I have broken free from my hostages and have escaped unscathed. I trust nobody paid the ransom....wait you mean you didn't even try to pay the ransom. I see, I am awol from the blogging community and nobody even noticed. For two months I have not been active in the exchange of thoughts via this wonderful media and NOBODY N-O-T-I-C-E-D. Hey you know what It's ok....tear...whimper.....get yourself composed man what's wrong with you? I'm back and will continue to lay out my thoughts for all to see right here, same place, same local station.

The past two months have been very busy as the embassy gears up for our January 8th launch at the theater. We have had new people come to our gatherings on a weekly basis. It's amazing watching God put embassy metro church together. Let me give a shout out to everyone who is part of the embassy metro church family. I am loving being your pastor!! Let me also throw thanks out to everyone who has helped out with finances, prayer, and labor of love. What we are endeavoring to do for God would not be possible without your involvment. Thank you for making it a joy to serve you while I am striving to serve God.

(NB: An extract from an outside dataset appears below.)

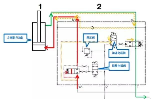 2. 當(dāng)?shù)醣墼谧銎鹕齽?dòng)作時(shí),VA口為供油首先推動(dòng)二通道單向控制閥的閥芯,使其導(dǎo)通至油缸C+口,(此時(shí)阻斷電磁閥為失電狀態(tài))。油缸C-口則通過(guò)二通道單向控制閥(此時(shí)閥芯為導(dǎo)通位置)為回油至回油T口來(lái)實(shí)現(xiàn)起升的動(dòng)作,如下圖:(圖示中紅色為供油,綠色為回油)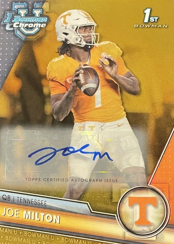 The Joe Milton III 2023 Bowman Chrome University #148 Prospect Auto - Gold Refractor /50 (1st) card in Raw condition has not changed in price in the last 30 days and was last sold for $42.00 .

Well even though you didn't pay my ransom I can say a big thanks to Jesus who paid the price for me so that I could live the greatest adventure possible. None of us have to be hostage to sin, or to lives separated from God's purpose. Through Jesus we can live and be free to experience His best for our lives!

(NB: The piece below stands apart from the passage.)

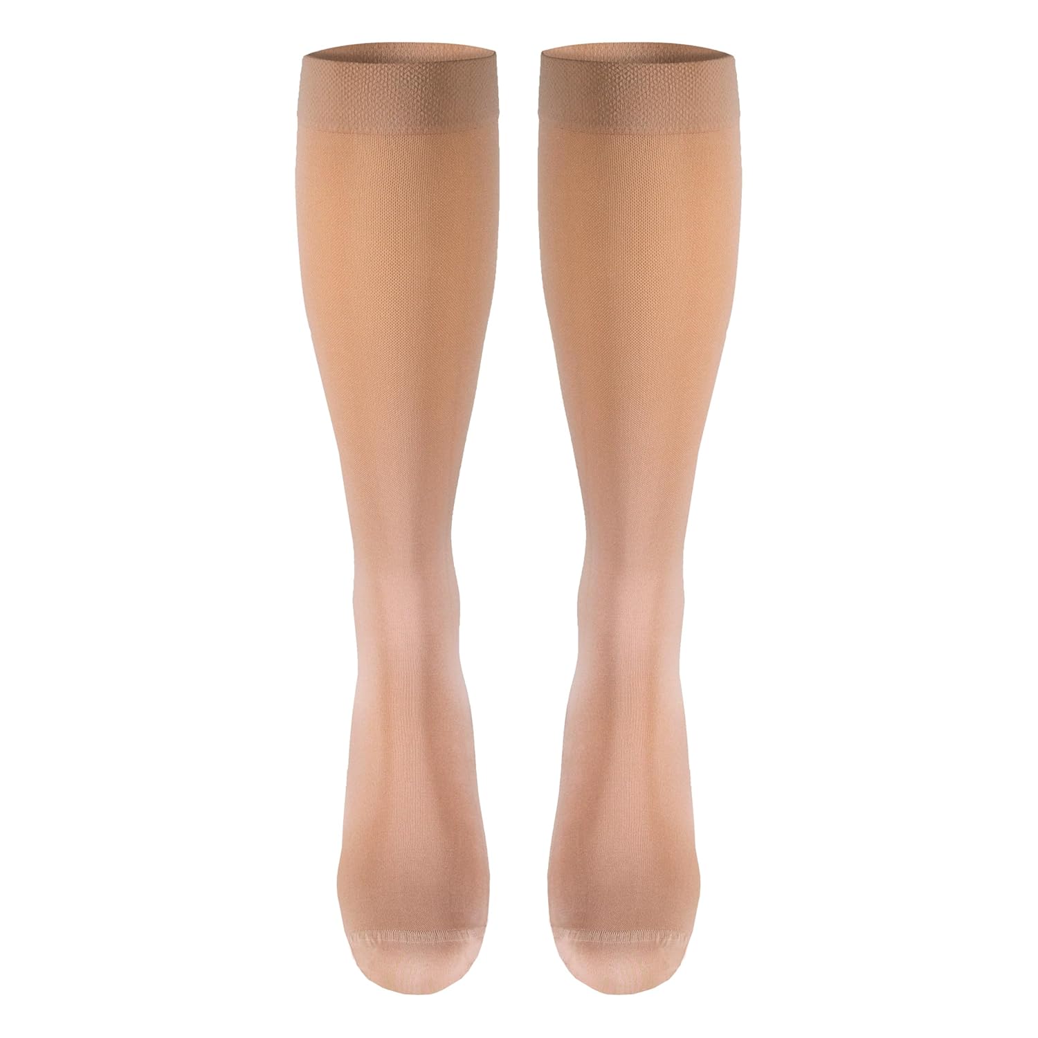 NuVein Medical Compression Stockings, 20-30 mmHg Support, Soft Comfort Microfiber, Knee Length, Closed Toe, Beige, Large

Thursday, September 01, 2005

Great News!

For the past two and a half months we have been given the opportunity to meet on Sunday nights at the Serene Bean Coffee house in Woodstock, GA. This has been a great venue, but if you've been with us at the Bean lately you know we are running out of room for the children. Amie & Charla have done a great job with noise control in the other part of the coffee shop, but we don't wish to do noise control with kids we want to do ministry. Seeing that we are going to Sunday mornings on Oct. 2nd at the Bean and will be there until our Jan. 8th kick-off at the theater we can't wait until then to effectively engage our children. Well Sunday night we were thinking about a solution and the thought came to ask the owner of the wellness center if we could use her tae kwon do dojo for the kids. Her store front is just a few doors down in the same building. I got great news. I met with the owner and not only has she offered her dojo she said we can use every room, but her office and file room. Amazing! She was so excited about being able to help us. Her daughter remembers us from the concerts in the park where she got her face painted. I thank God that the owner was one of the first people we met last year when Amie and I came for a visit. It was a God thing that He popped that thought in our hearts on Sunday and today it's a reality. We now have plenty of room for children's ministries until we get to the theater!

Monday, August 29, 2005

Thanks to Whom Thanks is Do

I just want to take a moment to give props to Jared for all the work he has done on the website. Obviously he's got mad skillz and I'm glad he's with us. Vote for Pedro...I mean Jared. Jared man you're dynamite! Thanks from the whole emc gang.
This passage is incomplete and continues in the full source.